*EXERCISE MATERIALS:*
________
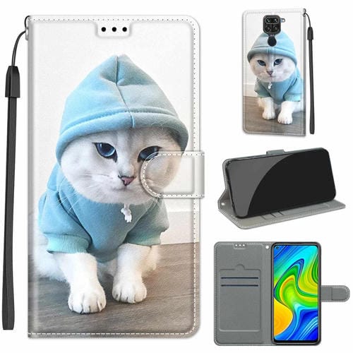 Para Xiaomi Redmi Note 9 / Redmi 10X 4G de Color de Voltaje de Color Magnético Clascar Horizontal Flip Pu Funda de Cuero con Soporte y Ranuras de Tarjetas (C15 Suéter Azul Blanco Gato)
________
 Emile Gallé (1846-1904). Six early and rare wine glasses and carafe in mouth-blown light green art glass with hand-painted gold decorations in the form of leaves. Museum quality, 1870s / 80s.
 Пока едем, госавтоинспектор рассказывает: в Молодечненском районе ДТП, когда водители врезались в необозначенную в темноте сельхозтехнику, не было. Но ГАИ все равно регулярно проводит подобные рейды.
________
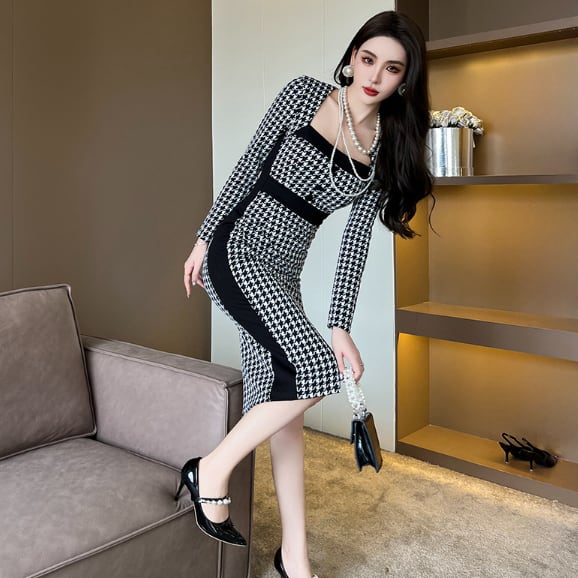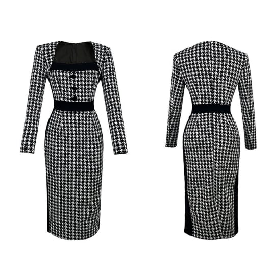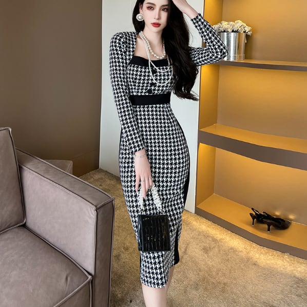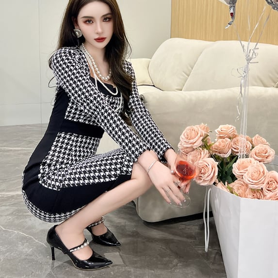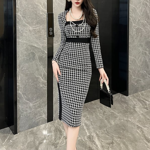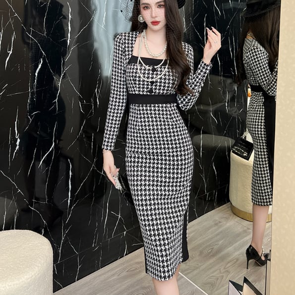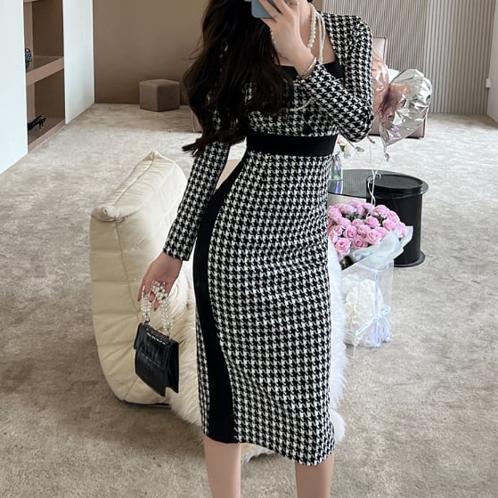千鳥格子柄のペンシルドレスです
________
*WHAT IS NEEDED:* Please output the lines of the listing above that fall in the stretch from the one with "Emile Gallé (1846-1904)." through the one with "Пока едем, госавтоинспектор", exactly and only those.

*RESPONSE AREA:*
 Emile Gallé (1846-1904). Six early and rare wine glasses and carafe in mouth-blown light green art glass with hand-painted gold decorations in the form of leaves. Museum quality, 1870s / 80s.
 Пока едем, госавтоинспектор рассказывает: в Молодечненском районе ДТП, когда водители врезались в необозначенную в темноте сельхозтехнику, не было. Но ГАИ все равно регулярно проводит подобные рейды.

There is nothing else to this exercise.